**Your assignment:** What is needed is an exact repeat of the lines from the one holding "旋转成型和回转机构是将两个金" through the final line of the data, with no pictures.

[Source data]
____
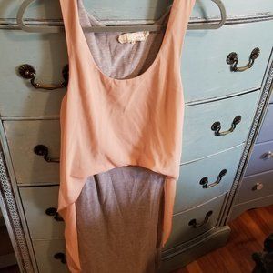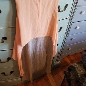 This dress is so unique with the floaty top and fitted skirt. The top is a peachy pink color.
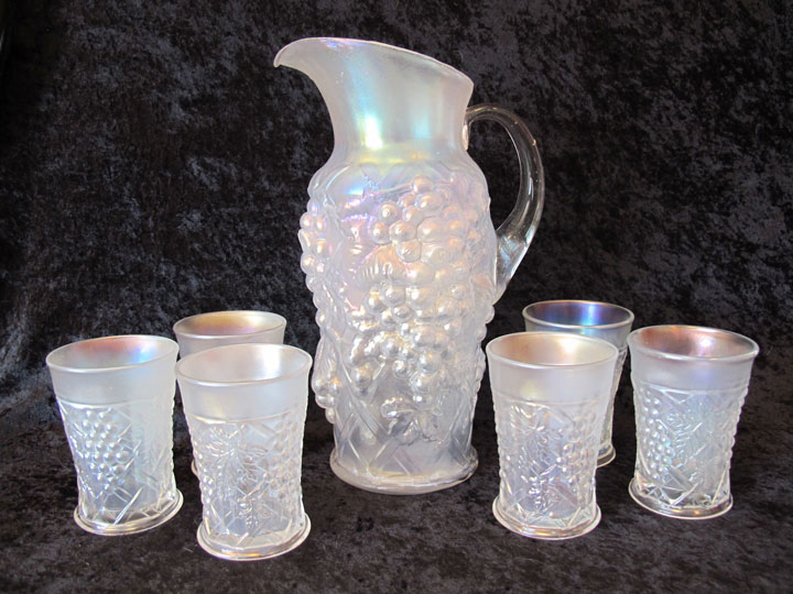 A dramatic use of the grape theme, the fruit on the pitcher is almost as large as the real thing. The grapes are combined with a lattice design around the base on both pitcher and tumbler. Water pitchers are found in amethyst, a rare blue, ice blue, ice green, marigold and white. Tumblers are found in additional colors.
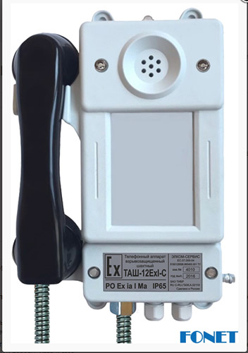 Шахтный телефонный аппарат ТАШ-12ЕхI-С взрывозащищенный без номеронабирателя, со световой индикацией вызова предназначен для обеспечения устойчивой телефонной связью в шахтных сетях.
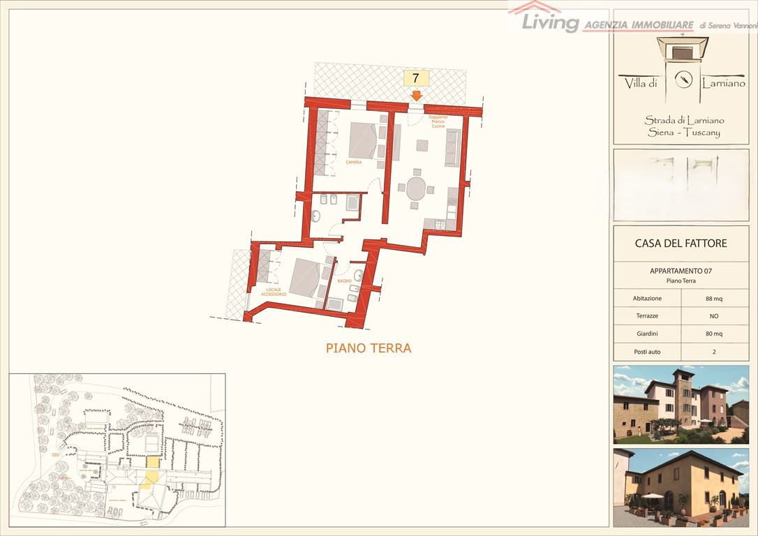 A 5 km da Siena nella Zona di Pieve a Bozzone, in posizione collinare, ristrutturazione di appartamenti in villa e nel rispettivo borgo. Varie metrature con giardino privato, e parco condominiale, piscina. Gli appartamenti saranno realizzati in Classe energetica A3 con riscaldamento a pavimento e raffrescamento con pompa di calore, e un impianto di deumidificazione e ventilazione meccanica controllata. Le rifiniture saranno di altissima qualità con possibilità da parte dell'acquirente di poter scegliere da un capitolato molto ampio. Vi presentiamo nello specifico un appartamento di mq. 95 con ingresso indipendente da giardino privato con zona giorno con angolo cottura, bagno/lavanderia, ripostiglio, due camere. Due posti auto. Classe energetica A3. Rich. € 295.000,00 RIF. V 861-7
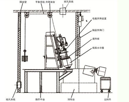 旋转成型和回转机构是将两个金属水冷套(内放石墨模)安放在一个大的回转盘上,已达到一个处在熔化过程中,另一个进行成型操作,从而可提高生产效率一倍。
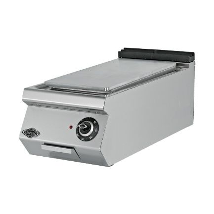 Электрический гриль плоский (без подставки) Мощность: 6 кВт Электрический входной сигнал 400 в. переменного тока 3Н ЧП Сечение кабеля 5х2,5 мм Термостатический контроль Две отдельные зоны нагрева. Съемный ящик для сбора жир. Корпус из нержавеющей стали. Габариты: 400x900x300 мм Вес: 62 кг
____
**Solution below:**
 旋转成型和回转机构是将两个金属水冷套(内放石墨模)安放在一个大的回转盘上,已达到一个处在熔化过程中,另一个进行成型操作,从而可提高生产效率一倍。
 Электрический гриль плоский (без подставки) Мощность: 6 кВт Электрический входной сигнал 400 в. переменного тока 3Н ЧП Сечение кабеля 5х2,5 мм Термостатический контроль Две отдельные зоны нагрева. Съемный ящик для сбора жир. Корпус из нержавеющей стали. Габариты: 400x900x300 мм Вес: 62 кг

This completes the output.